Juval Neʾeman

Juval Neʾeman (hebräisch יוּבָל נֶאֱמַן; geboren am 14. Mai 1925 in Tel Aviv; gestorben am 26. April 2006 ebenda) war ein israelischer Physiker und Politiker.

Jugend
Yuval Ne'eman wurde 1925 in Tel Aviv geboren; seine Eltern betrieben eine Fabrik für Wasserpumpen. Nach einigen Jahren in Port Said in Ägypten kehrte die Familie nach Tel Aviv zurück. Dort schloss Neʾeman im Alter von 15 Jahren das Hebräische Herzlia-Gymnasium ab. Er studierte Maschinenbau (mechanical engineering) am Technion in Haifa (Abschluss mit 20 Jahren) und schloss er sich zeitgleich mit Beginn des Studiums der Hagana an.[1][2]
Militärische und politische Karriere
Juval Neʾeman trat im Alter von 15 Jahren der Hagana bei, kämpfte gegen die britische Besatzung und diente im Krieg um Israels Unabhängigkeit 1948 als Bataillonskommandeur, „Operations Officer“ für Tel Aviv und Kommandeur der Givʿati-Brigade.
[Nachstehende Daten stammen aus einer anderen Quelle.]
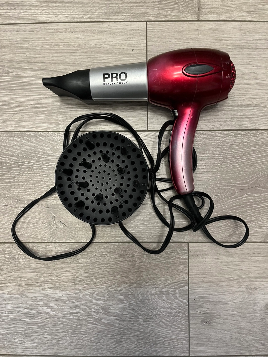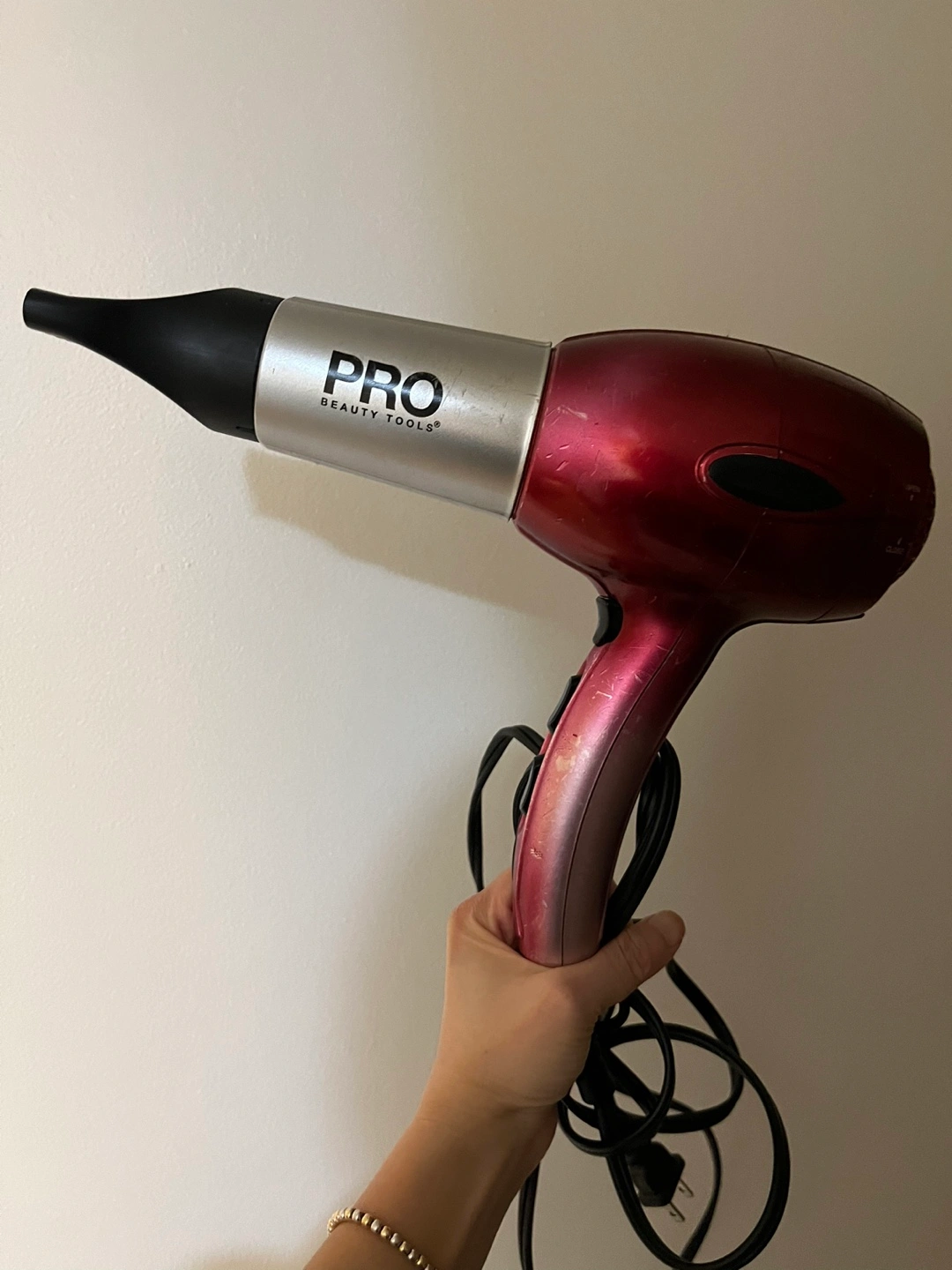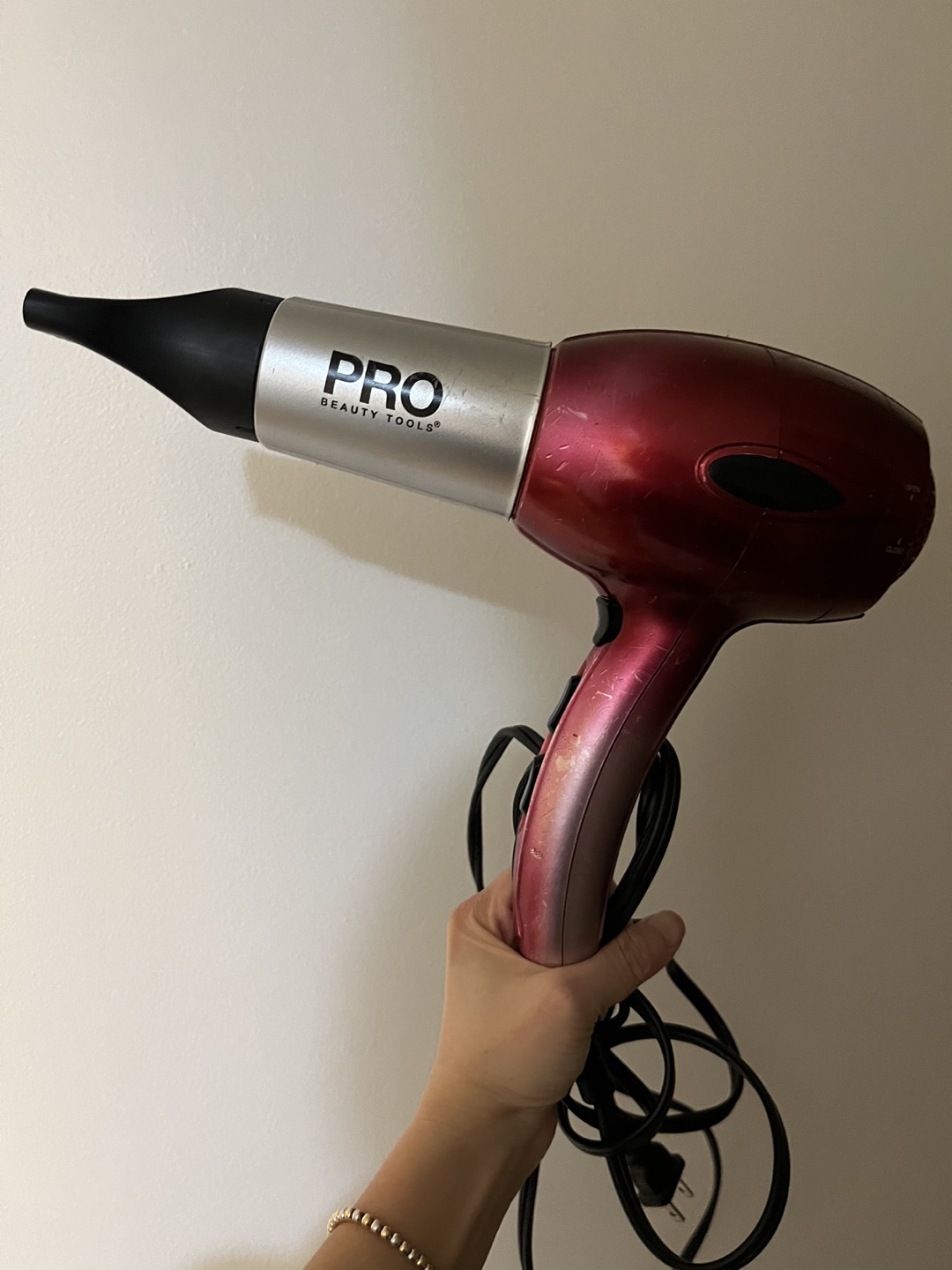 FREE Red and silver hair dryer. Includes concentrator attachment. Pre-owned. Dryer working well, used so aesthetic paint is faded.

Von 1952 bis 1954 war er „Deputy Commander“ im Generalstab und als Hauptmann Leiter der Planungsabteilung der israelischen Armee. Er organisierte das Mobilisierungs- und Reservistensystem der israelischen Armee und schrieb den ersten Entwurf ihrer Verteidigungsdoktrin. Von 1955 als stellvertretender Direktor, ab 1956 bis 1957 als Direktor des Armeegeheimdienstes Aman tätig, war er u. a. an den Verhandlungen mit Briten und Franzosen in der Suez-Krise beteiligt. Anschließend war er von 1958 bis 1960 Attaché des Verteidigungsministeriums in London, bevor er in die Reserve entlassen wurde. Zuletzt hatte er den Rang eines Obersts.[3]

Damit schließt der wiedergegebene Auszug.